Caring for your new baby’s skin can seem overwhelming when you are a new parent. When you are a new parent, taking good care of your baby’s skin (as well as keeping your baby healthy and alive) quickly becomes one of your top priorities and it can be easy to get overwhelmed in trying to get everything right. Thankfully taking care of your baby’s skin is mostly just common sense. You don’t need any fancy products to keep your baby’s skin clean and clear. You don’t need buy a bunch of products at all! Here are some helpful hints for new parents to use as they develop their baby’s skin care routine.

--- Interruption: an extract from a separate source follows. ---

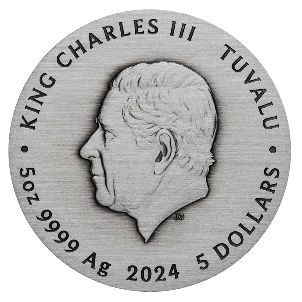 2024 PerthMint - King Charles Effigy - Universe Starry Sky and Planets 5oz Silver Antiqued Coloured Coin

Daily baths are not required for newborns and very young infants. This is because most new babies don’t get very dirty. This is because they are mostly immobile and depend on their parents to get them from point A to point B. This makes it simple for parents to make sure that their babies don’t get dirty or do damage to their skin. As long as you keep your newborn baby’s face clean you only need to give him (or her) a full bath a few times a week. When babies learn to crawl and walk, however, you need to give them baths more frequent.
Before you put the baby into the bath water make sure you test the water’s temperature. Baby skin is easily burned by warm water! In fact, it isn’t until our later years that we even begin to enjoy hot baths or long hot showers. Put your elbow into the water to see if the bath is too hot for your baby. If the sensitive skin of your elbow finds the water too hot or too cold, adjust the temperature of the water. A baby’s bathwater should be lukewarm at most.
Lukewarm is a good compromise in temperature because it will keep you from accidentally burning (or freezing) your baby.
Your baby’s umbilical stump is fragile–be careful around it. Rubbing it, pulling on it and playing with it are bad ideas. The only contact should during the few times a day that you swab it with rubbing alcohol. Besides this wash, leave it alone. Forego giving your infant a “real” bath until his or her umbilical cord stump falls off. To keep your baby’s diaper from irritating the stump fold down the top of it. The stump is very sensitive so you want to make sure that it does not get irritated. Ask your pediatrician how to care for the sensitive skin that is left behind after the stump falls off.
There are plenty of ways to properly care for your baby’s skin. You need to remember that practicing proper baby skin care involves more than a plain bath. Using the right detergent, sunscreen and even making sure that your baby’s skin gets enough fresh air are all important to proper skin care. Caring for and protecting your baby’s skin should be second nature before too long. Before you know what has happened you’ll find that you don’t even have to think about this anymore.